» WHAT THE TASK REQUIRES
Quote the entries below from the line with "Koi swimming above" through the line with "Наибольшие искажения за", both ends included, and only those lines.

» RECORDS SUPPLIED
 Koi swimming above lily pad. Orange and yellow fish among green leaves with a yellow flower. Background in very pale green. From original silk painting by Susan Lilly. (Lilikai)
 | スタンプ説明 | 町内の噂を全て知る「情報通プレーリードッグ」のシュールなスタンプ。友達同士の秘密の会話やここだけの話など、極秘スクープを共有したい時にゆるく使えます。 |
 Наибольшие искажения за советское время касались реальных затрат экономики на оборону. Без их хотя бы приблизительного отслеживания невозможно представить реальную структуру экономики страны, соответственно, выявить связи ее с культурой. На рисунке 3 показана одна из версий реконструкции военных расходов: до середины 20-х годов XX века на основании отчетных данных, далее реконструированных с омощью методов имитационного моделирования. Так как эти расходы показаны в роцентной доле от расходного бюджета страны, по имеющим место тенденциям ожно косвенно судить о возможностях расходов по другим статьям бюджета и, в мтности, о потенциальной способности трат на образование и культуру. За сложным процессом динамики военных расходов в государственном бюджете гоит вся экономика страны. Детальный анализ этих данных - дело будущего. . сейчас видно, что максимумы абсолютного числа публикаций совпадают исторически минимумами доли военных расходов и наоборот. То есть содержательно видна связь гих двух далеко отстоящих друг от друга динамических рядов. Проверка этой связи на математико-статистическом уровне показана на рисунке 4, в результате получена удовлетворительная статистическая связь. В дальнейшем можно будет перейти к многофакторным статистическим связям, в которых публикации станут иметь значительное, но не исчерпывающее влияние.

---

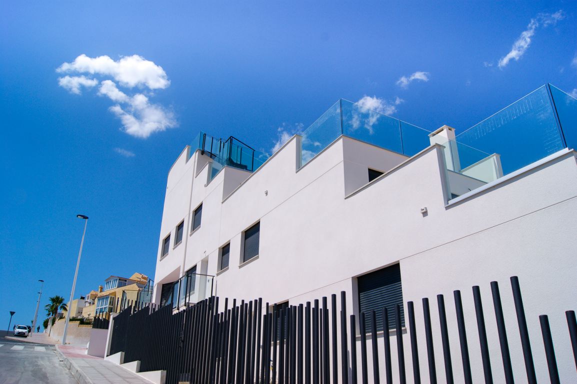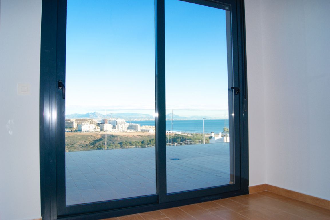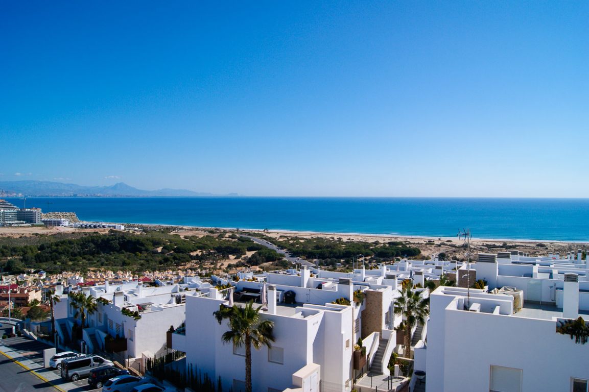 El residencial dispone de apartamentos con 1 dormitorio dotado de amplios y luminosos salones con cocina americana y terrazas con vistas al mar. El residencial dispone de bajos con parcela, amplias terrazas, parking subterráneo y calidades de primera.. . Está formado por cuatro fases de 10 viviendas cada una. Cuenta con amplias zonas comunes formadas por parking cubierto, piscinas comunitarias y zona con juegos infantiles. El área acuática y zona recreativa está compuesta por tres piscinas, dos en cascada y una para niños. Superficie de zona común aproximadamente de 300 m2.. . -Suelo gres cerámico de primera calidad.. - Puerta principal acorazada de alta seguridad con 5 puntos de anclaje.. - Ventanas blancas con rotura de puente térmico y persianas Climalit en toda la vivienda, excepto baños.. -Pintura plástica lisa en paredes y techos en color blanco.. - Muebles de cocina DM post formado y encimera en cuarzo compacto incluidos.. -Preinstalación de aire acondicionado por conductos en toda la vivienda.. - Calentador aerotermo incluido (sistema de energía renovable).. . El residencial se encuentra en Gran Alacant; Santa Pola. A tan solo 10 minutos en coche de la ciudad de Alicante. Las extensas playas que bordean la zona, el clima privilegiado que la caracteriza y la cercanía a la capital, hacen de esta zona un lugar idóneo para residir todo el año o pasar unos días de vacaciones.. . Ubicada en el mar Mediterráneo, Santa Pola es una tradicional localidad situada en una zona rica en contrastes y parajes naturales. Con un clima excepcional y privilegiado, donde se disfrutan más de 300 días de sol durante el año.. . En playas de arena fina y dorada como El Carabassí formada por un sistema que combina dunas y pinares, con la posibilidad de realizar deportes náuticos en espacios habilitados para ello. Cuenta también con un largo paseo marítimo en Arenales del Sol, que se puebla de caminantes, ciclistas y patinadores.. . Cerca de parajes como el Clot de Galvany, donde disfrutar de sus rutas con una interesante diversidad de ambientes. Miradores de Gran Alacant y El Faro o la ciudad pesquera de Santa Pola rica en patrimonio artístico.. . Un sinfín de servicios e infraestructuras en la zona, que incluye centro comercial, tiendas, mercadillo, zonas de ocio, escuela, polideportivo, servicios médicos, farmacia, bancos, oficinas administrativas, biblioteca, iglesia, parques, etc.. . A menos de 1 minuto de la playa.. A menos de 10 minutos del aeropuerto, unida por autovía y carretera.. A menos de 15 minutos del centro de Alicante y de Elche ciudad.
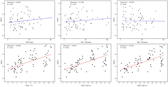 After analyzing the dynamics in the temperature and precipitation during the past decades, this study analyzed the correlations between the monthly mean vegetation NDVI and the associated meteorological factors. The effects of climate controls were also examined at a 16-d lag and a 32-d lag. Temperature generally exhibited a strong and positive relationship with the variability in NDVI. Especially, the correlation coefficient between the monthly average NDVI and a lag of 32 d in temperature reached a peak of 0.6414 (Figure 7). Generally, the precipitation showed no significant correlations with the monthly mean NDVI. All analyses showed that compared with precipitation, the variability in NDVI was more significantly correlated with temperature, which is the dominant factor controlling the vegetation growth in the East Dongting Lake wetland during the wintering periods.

* * *

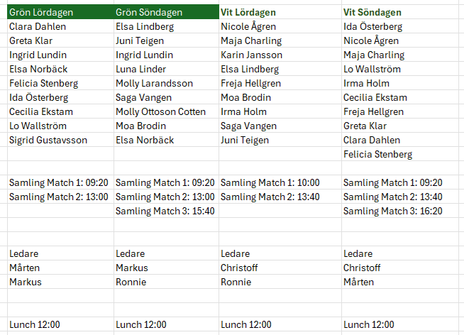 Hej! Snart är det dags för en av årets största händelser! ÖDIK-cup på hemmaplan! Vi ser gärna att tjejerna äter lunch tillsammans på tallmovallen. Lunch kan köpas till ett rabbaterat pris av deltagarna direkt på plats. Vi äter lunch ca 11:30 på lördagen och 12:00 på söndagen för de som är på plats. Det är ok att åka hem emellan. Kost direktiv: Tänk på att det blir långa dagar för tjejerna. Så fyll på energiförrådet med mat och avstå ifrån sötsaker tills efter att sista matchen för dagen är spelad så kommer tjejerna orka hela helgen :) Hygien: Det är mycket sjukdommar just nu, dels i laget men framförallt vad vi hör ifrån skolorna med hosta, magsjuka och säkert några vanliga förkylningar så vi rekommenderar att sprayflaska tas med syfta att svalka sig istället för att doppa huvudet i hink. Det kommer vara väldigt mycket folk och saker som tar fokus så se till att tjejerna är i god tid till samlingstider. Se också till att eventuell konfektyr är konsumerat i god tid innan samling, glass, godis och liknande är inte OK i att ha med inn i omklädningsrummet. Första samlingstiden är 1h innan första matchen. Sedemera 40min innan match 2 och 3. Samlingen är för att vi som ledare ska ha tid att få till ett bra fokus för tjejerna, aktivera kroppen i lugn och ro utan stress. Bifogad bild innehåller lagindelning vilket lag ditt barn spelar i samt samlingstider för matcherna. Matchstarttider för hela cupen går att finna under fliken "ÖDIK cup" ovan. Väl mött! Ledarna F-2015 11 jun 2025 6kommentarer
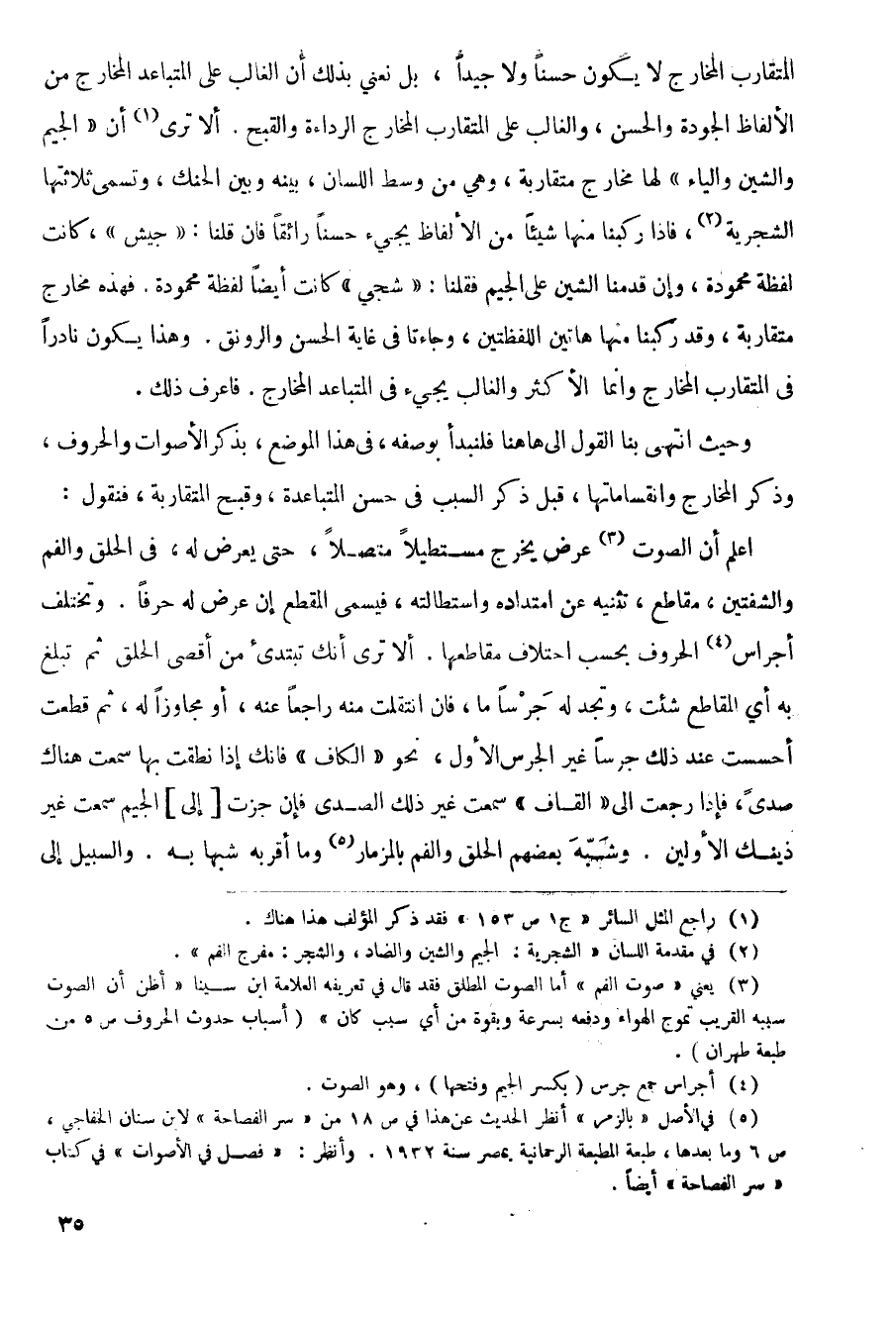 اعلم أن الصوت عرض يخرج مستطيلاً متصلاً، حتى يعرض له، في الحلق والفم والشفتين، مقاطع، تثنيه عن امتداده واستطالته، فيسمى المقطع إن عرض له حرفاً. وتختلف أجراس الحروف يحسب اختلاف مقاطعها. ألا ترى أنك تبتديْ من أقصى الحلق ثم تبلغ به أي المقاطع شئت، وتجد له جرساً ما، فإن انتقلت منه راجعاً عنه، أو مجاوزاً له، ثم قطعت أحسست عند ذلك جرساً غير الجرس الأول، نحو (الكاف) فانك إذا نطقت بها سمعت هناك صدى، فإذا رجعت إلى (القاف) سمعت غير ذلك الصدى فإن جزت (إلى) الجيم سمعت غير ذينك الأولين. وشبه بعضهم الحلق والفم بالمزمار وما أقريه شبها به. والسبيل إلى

» ANSWER TO THIS TASK
 Koi swimming above lily pad. Orange and yellow fish among green leaves with a yellow flower. Background in very pale green. From original silk painting by Susan Lilly. (Lilikai)
 | スタンプ説明 | 町内の噂を全て知る「情報通プレーリードッグ」のシュールなスタンプ。友達同士の秘密の会話やここだけの話など、極秘スクープを共有したい時にゆるく使えます。 |
 Наибольшие искажения за советское время касались реальных затрат экономики на оборону. Без их хотя бы приблизительного отслеживания невозможно представить реальную структуру экономики страны, соответственно, выявить связи ее с культурой. На рисунке 3 показана одна из версий реконструкции военных расходов: до середины 20-х годов XX века на основании отчетных данных, далее реконструированных с омощью методов имитационного моделирования. Так как эти расходы показаны в роцентной доле от расходного бюджета страны, по имеющим место тенденциям ожно косвенно судить о возможностях расходов по другим статьям бюджета и, в мтности, о потенциальной способности трат на образование и культуру. За сложным процессом динамики военных расходов в государственном бюджете гоит вся экономика страны. Детальный анализ этих данных - дело будущего. . сейчас видно, что максимумы абсолютного числа публикаций совпадают исторически минимумами доли военных расходов и наоборот. То есть содержательно видна связь гих двух далеко отстоящих друг от друга динамических рядов. Проверка этой связи на математико-статистическом уровне показана на рисунке 4, в результате получена удовлетворительная статистическая связь. В дальнейшем можно будет перейти к многофакторным статистическим связям, в которых публикации станут иметь значительное, но не исчерпывающее влияние.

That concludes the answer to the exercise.